The [infrastructure law] cuts both ways for some firms. While many stand to benefit, others see it as another source of demand for their already thin workforces, thinks Basu. “They see their workers becoming more expensive and now the expense ... is going to accelerate even faster as they’re drawn away into the public sector.” Nearly 85% of firms on ENR’s survey expect salaries to rise in 2022. 

Materials costs remain another issue:  97% of respondents to the confidence survey said they are seeing upward price pressure on materials.

“The keyword [among economists] for 2021 had been ‘transitory.’ We’ve tossed that word out,” says Basu. “Inflation is stickier than many economists had thought coming into the year.” About 48% of respondents to CFMA’s survey said they thought materials prices would be slightly or significantly worse a year from now, says Binstock. 

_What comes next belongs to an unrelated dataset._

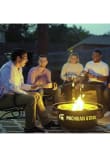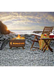 - Safety ring surrounding fire pit also functions as footrest and handle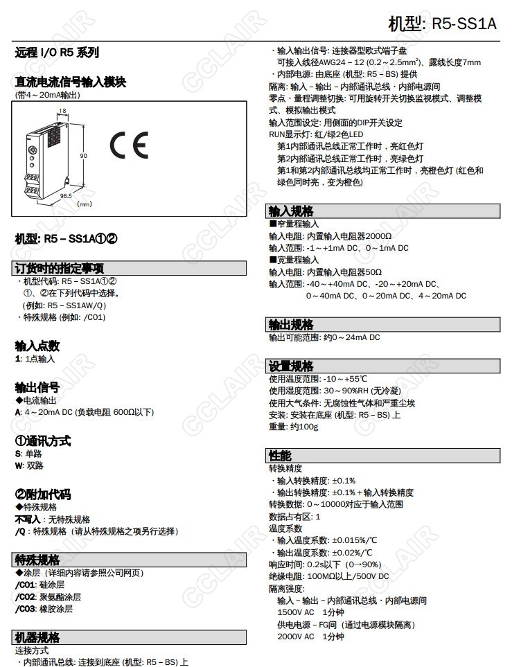 R5-SS1A,R5-SS1AW/Q,R5-SS1AS/Q直流電流信號(hào)輸入模塊

Ultimately those increased costs need to be passed on to owners, and that could tamp down demand. “When the cost of delivering construction services is so elevated it causes some project owners to say, ‘My pro forma doesn’t work because these bids are coming in too high. I’m not moving forward,’” opines Basu. The focus for both owners and construction firms has become cost containment, he thinks.

Design work has largely rebounded, according to Basu. “Many architects are telling me that they’re as busy now as they were pre-pandemic, and they were pretty busy pre-pandemic,” he says, noting that the Architectural Billings Index has been above the 50-point threshold, which indicates billings growth, for nine straight months.

The question is if and when those designs will be built by contractors downstream. “I think that conversion rate probably is lower now than it historically or typically is,” he says. 

Despite the many challenges that the industry faces, it’s important to note that both confidence surveys still see a growing market.

“When you look at them going back a year, you get a very different perspective on this,” says Binstock, noting that CFMA’s Confindex is up 24.7% from the same time last year. Its business conditions index is up 53%. "It's almost, what do you want to measure?" he says.